Selecting the correct quiz answer gives you 0 points. The workaround (independently discovered by multiple people on the forums) is to keep submitting until the correct answer gives you 1 point. This is a week after a quiz had incorrect answer options which resulted in there being no correct answers.

Facebook

If you do something “wrong” with the mouse while scrolling down on someone’s wall, the blue bar at the top can somehow transform into a giant block the size of your cover photo that doesn’t go away as you scroll down.

Clicking on the activity sidebar on the right pops something that’s under other UI elements, making it impossible to read or interact with.

Pandora

A particular station keeps playing electronic music, even though I hit thumbs down every time an electronic song comes on. The seed song was a song from a Disney musical.

Dropbox/Zulip

An old issue is that you can’t disable notifications from @all mentions. Since literally none of them have been relevant to me for as long as I can remember, and @all notifications outnumber other notifications, it means that the majority of notifications I get are spam.

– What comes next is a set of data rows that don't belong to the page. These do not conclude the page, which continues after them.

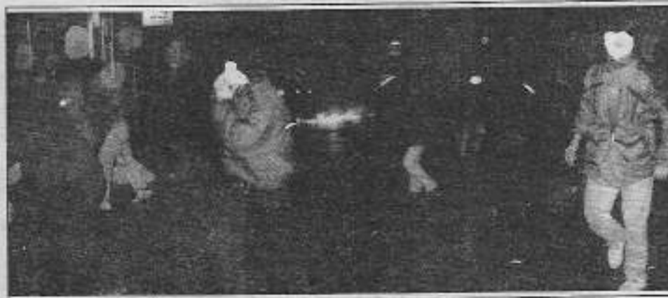
Sarımsız: insanları katleden polis, molotoflu militanlar karşısında şaşkına uğradı.

Umarız, çözümü parlamentoda arama heveslisi olanlar, halkın tercihlerini dikkate alıp, halkın gerisinde kalan politik belirlemelerden vazgeçerek bu yanlışları düzeltirler. Çünkü, egemen sınıfların vahşi uygulamaları bu cephenin (boykot) hergün yeni katılımlarla güçlenmesine neden olmaktadır. ■
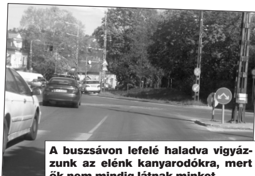
A buszsávon lefelé haladva vigyázzunk az elénk kanyarodókra, mert ők nem mindig látnak minket

Baj itt is akkor van, ha közben a külső sávban nagy sebességgel érkezik jármű. Hogyan előzhetjük meg a baleseteket ebben a kereszteződésben? Egy profi járművezetőnek, egy taxisnak nem okoz gondot a mellékútról besorolni egy négysávú útra. A
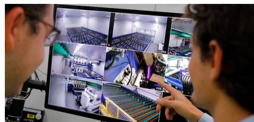
Ein hoher, aber nur sehr kurzer Wärmeeintrag ist für das Härten der Glasbeschichtung essenziell. Über fünf Jahre tüftelten die Glasexperten von Saint-Gobain am Rapid-Thermal-Processing Verfahren.

Diese Anlage auch industrietauglich zu machen, erwies sich allerdings technisch als undurchführbar. „Wir wandten uns an den Reutlinger Hightech-Maschinenbauer Manz“, erzählt Lorenzo Canova. Die Experten dort brachten TRUMPF ins Spiel und eine vierjährige Entwicklungspartnerschaft nahm ihren Anfang.
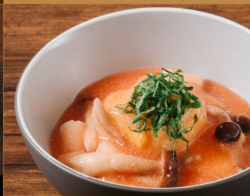
AGEDASHI TOFU MENTAICO SAUCE 80 揚げ出汁豆腐明太子ソース Fried Tofu with Spicy Cod Roe Sauce & Mushroom
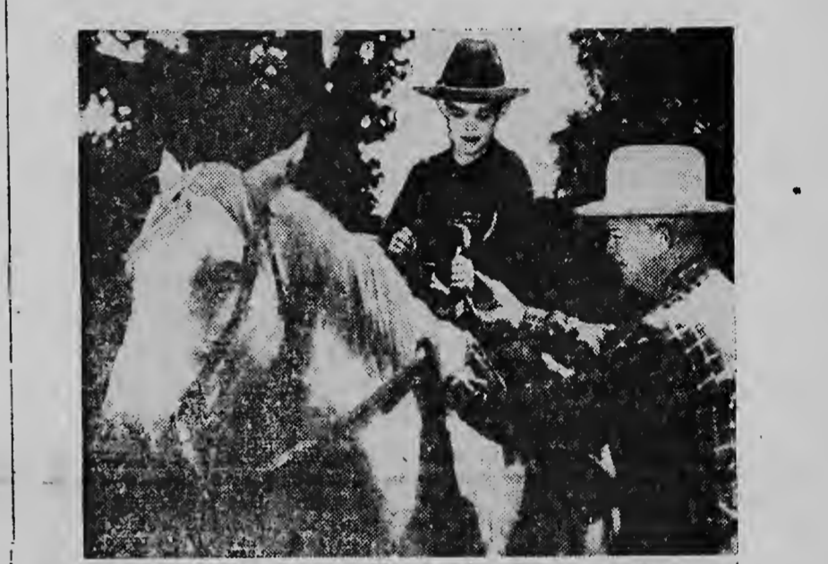
Aki President Eisenhower ta show cu su nieta di siete anja, David, como hungador di golf, piscado y corredo di caboi na un rancho den Rocky Mountains...
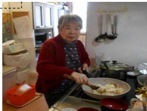
夕飯は任せておいてね
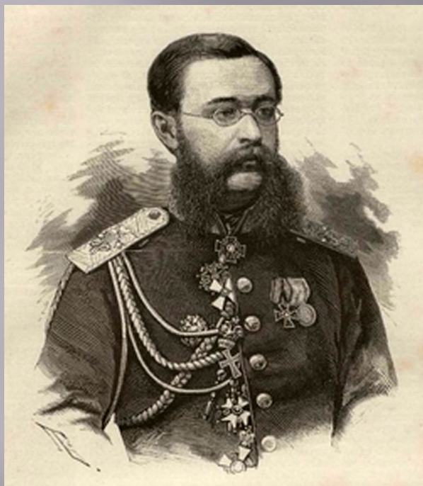
Казімір Васільєвіч Лявіцкі
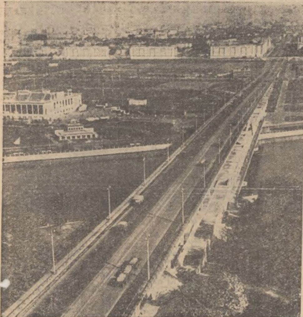
Moscova. Podul peste metro văzut de pe Colinele lui Lenin
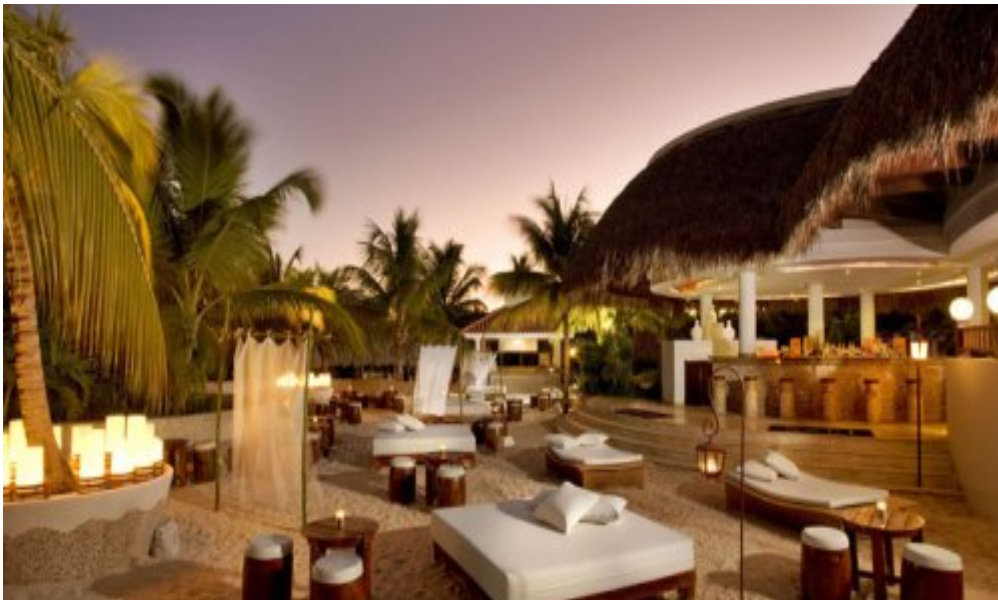
Melia Caribe Tropical 5*, Пунта-Кана.

Новая концепция отеля - Royal Service , предлагает следующие эксклюзивные услуги:
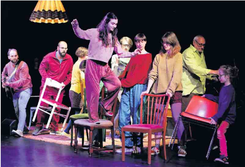
Verschiedene Generationen wollen sich „ZusammenRaufen“. Ob es gelingt?

Theaterinteressierte junge Menschen gesucht
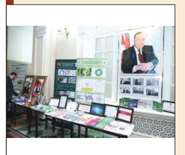
Ради достижения целей
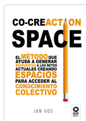
CO-CREATION SPACE VOS, JAN
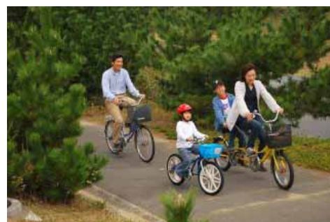
サイクリングで体もぼっかぼか!
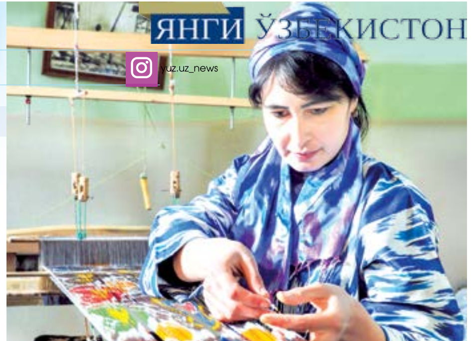
Ҳеч ким муаммолари билан ёлғиз қолмайди

The new thing is that I tried muting the streams that regularly spam me, but the notification blows through the mute. My fix for that is that I’ve disabled all notifications, but now I don’t get a notification if someone DMs me or uses @danluu.

Chrome

The Rust guide is unreadable with my version of chrome (no plug-ins).

Unreadable quoted blocks

Google Docs

I tried co-writing a doc with Rose Ames. Worked fine for me, but everything displayed as gibberish for her, so we switched to hackpad.

I didn’t notice this until after I tried hackpad, but Docs is really slow. Hackpad feels amazingly responsive, but it’s really just that Docs is laggy. It’s the same feeling I had after I tried fastmail. Gmail doesn’t seem slow until you use something that isn’t slow.

Hackpad

Hours after the doc was created, it says “ROSE AMES CREATED THIS 1 MINUTE AGO.”

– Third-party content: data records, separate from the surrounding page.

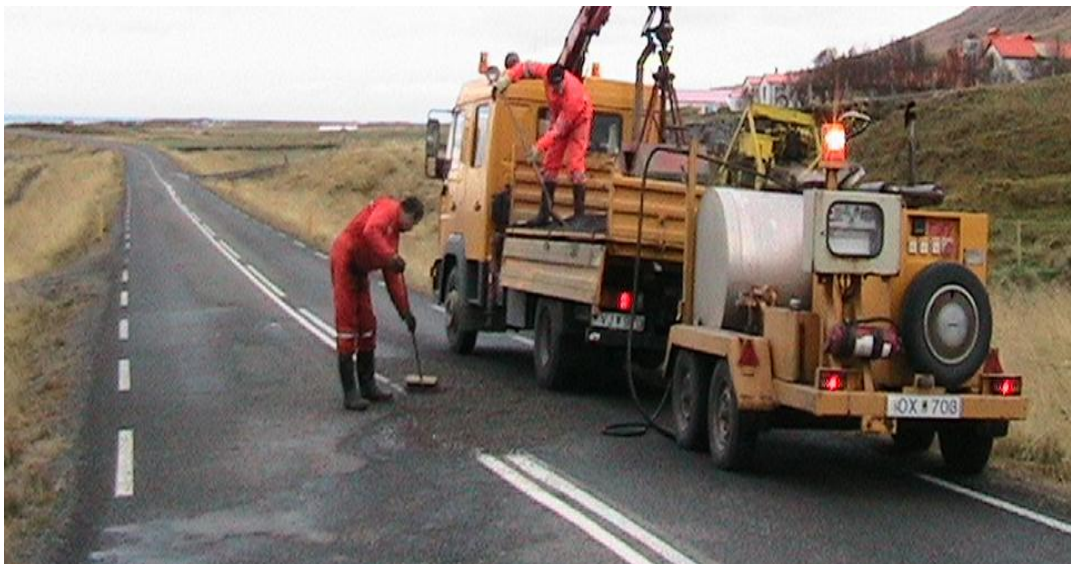
Tjörvi; vagn með geymum með hitunarbúnaði dreginn af þjónustubíl

Viðgerðartækið, tjörvinn, er dreginn vagn með geymum og hitunarbúnaði sem halda bindiefninu heitu. Í honum er dæla sem dælir 140 °C heitu bindiefni út í gegnum barka sem hefur handfang og loka á endanum sem opnar og lokar fyrir bununa. Á endanum eru tveir til þrjár spíssar sem heitt bindiefni kemur úr. Þetta er allt heitt og verða starfsmenn að vera búnir í samræmi við það og umgangast þessi heitu verkfæri og efni með viðeigandi hætti.
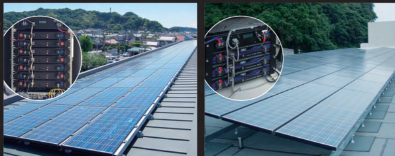
千葉県銚南町 銚南小学校 30kW・蓄電池32kWh
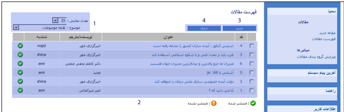
شکل - ۱

شکل - ۱، صفحه نخست سامانه مقالات را نمایش می دهد. حال به شرح جزئیات سامانه می پردازیم.
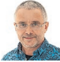
Rainer Ritz

brücken mit dem in Serbien vergleichen? Raten-tod? Oder doch Zukunft? Ford lässt grüßen. Wir fordern von ZF eine Standortsicherheit für Saarbrücken und keine betriebsbedingten Kündigungen. Das ist ZF den Beschäftigten mindestens schuldig. Auch ZF muss einen Beitrag leisten und viel mehr neue Projekte nach Saarbrücken bringen. Das Werk ist hochmodern, hat Zukunft verdient. Was macht das Land? Wirtschaftsminister Barke (SPD) muss endlich was liefern, was zu Ende bringen, nicht immer nur ankündigen. Er hat nur ungelöste Baustellen, SVolt, Ford, Wolfsspeed, Stahltransformation, usw. Wenn bei ZF in Kürze kein belastbares Ergebnis kommt, gehört „Baustellen“-Barke ausgetauscht und die Sache zur Chefsache gemacht.
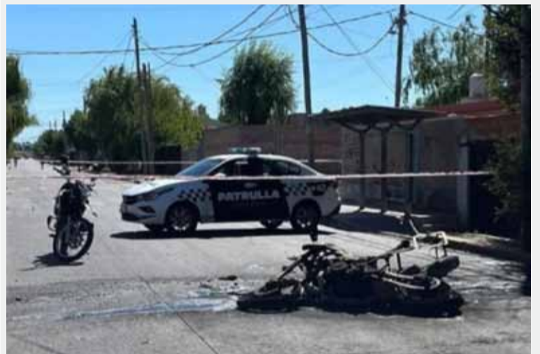
Dos policías muertos en una persecución en Quilmes. - Bomberos de Quilmes -

"El ruido fue tremendo, la moto quedó envuelta en llamas y la camioneta muy dañada. Fue un momento desesperante", relató una vecina que presenció el hecho, citada por TN. (DIB) GML
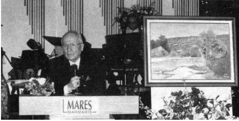
Resim 8. Kenan Evren Konuşma Yaparken, yanında berbat tablolarından birisi.
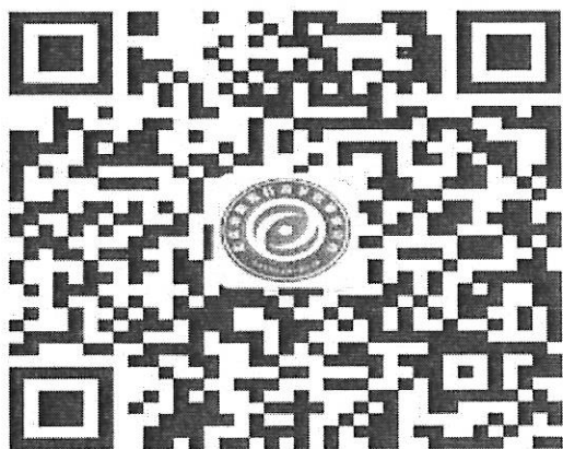
(微信公众号二维码)

The right hand side list, which shows who’s in the room, has a stack of N people even though there are only 2 people.

Rust

After all that, Rose and I worked through the Rust guide. I won’t list the issues here because they’re so long that our hackpad doc that’s full of bugs is at least twice as long as this blog post. We filed one PR last week and we’re still waiting to see if it will get merged/rejected/acknowledged/???.

WAT

I'm in a super good mood. Everything is still broken, but now it's funny instead of making me mad.

— Gary Bernhardt (@garybernhardt) January 28, 2013

What’s going on here? If you include the bugs I’m not listing because the software is so buggy that listing all of the bugs would triple the length of this post, that’s about 80 bugs in one week. And that’s only counting bugs I hadn’t seen before. How come there are so many bugs in everything?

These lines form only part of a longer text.